Why it's a problem: Calling OpenAI API directly from a Flutter Custom Action with the API key in the code
How to avoid: Always route AI API calls through a server-side function (Supabase Edge Function or Firebase Cloud Function) where the API key is stored as an environment secret. The client calls your function; your function calls OpenAI.

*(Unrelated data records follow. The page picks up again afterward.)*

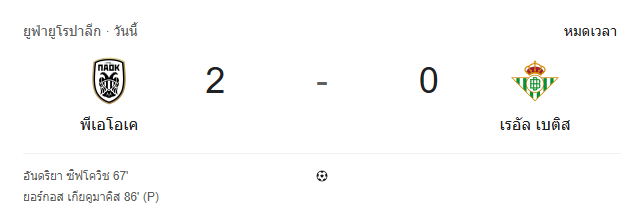 • หมดเวลา: พีเอโอเค 2-0 เรอัล เบติส
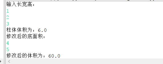 package cn; import java.util.Scanner; public class Test { public static void main(String[] args) { System.out.println("输入长宽高:"); Scanner reader = new Scanner(System.in); Zhuti zh = new Zhuti(); // 创建新的柱体对象 Juxing xin = new Juxing(); // 创建新的矩形对象 xin.m = reader.nextDouble(); xin.n = reader.nextDouble(); Zhuti.h = reader.nextDouble(); System.out.println("柱体体积为:" + (xin.m * xin.n * Zhuti.h)); System.out.println("修改后的底面积:"); xin.m = reader.nextDouble(); xin.n = reader.nextDouble(); System.out.println("修改后的体积为:" + zh.area(xin.m, xin.n) * Zhuti.h); } }
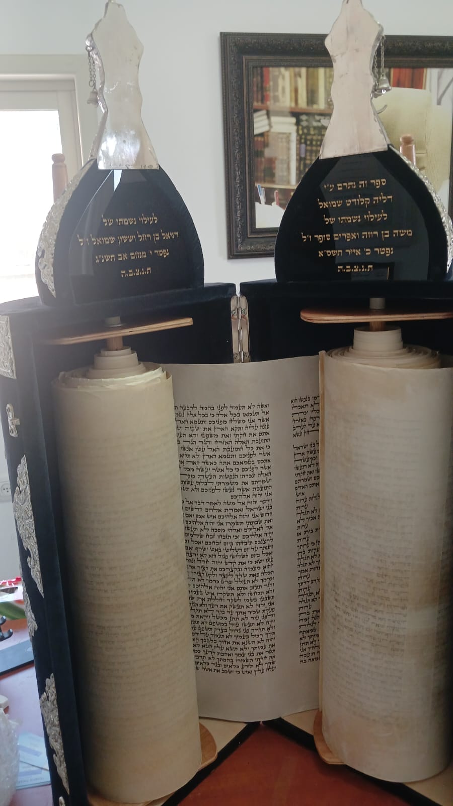 שילוט לספר תורה מזכוכית אקרלית מותאם לצורת הספר בייצור מיוחד ומדוייק.
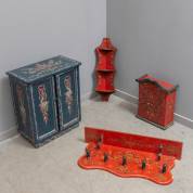 Hindelooper beschilderde kapstok, hoekkastje, en twee tweedeurs kastjes voor poppenkleertjes, 20e eeuw -defecten-, blauwe kastje 57 × 50 × 27 cm
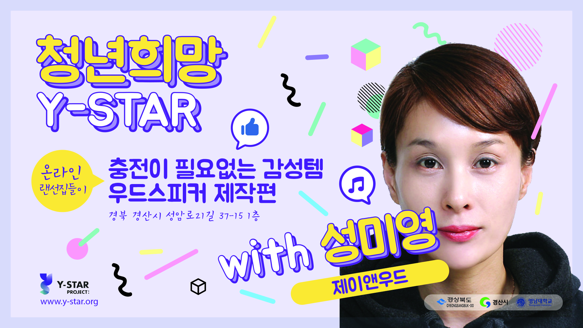 이번 클래스를 통해서 지루했던 공간을 감성으로 가득채울 예쁘고 효과 좋은 우드스피커로 채울 수 있으시면 좋겠습니다! 경상북도, 경산시와 함께 청년희망 Y-STAR 사업단에서는 청년들의 창의적인 활동을 위한 공간을 마련하고 지역사회를 위한 상호협력체계를 구축하기 위하여 노력하고 있습니다.
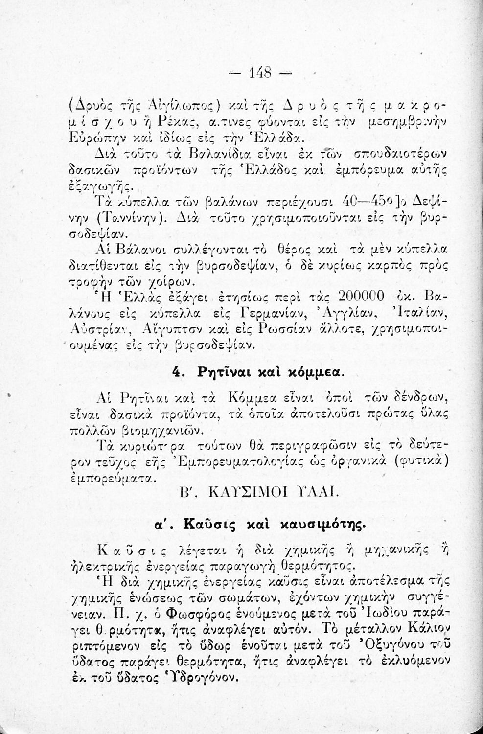 Βαθμίδα εκπαίδευσης: Δευτεροβάθμια Μάθημα: Εμπορευματολογία Γλώσσα: Καθαρεύουσα Παρουσίαση περιεχομένου: Σχολικό εγχειρίδιο Εμπορευματολογίας για τους μαθητές των Εμπορικών Σχολών που παρουσιάζει τα μέταλλα, τα οξέα, τα άλατα, τα χημικά χρώματα, τις εκρηκτικές, οικοδομικές και καύσιμες ύλες. |

Why it's a problem: Not setting a spending limit on your OpenAI account before giving users AI access
How to avoid: Set a monthly spending limit in your OpenAI account settings before launching. Add per-user rate limiting in your Cloud Function — check how many AI calls the user has made today in a Firestore counter and return an error if they exceed the limit.
Best practices
- Use FlutterFlow AI for generating boilerplate — Custom Action scaffolding, Firestore query structure, widget layouts
- Always route external AI API calls through server-side functions — never embed API keys in client code
- Add per-user rate limiting before launching any user-facing AI feature
- Test AI-generated code carefully — FlutterFlow AI occasionally generates plausible-looking but incorrect FlutterFlow syntax
- Store conversation history in App State (not Firestore) for session-only chats to avoid unnecessary database writes
- Show a streaming typing indicator while waiting for AI responses — improves perceived responsiveness
- Implement graceful error messages when the AI API is unavailable — never show raw API error JSON to users
Still stuck?
Copy one of these prompts to get a personalized, step-by-step explanation.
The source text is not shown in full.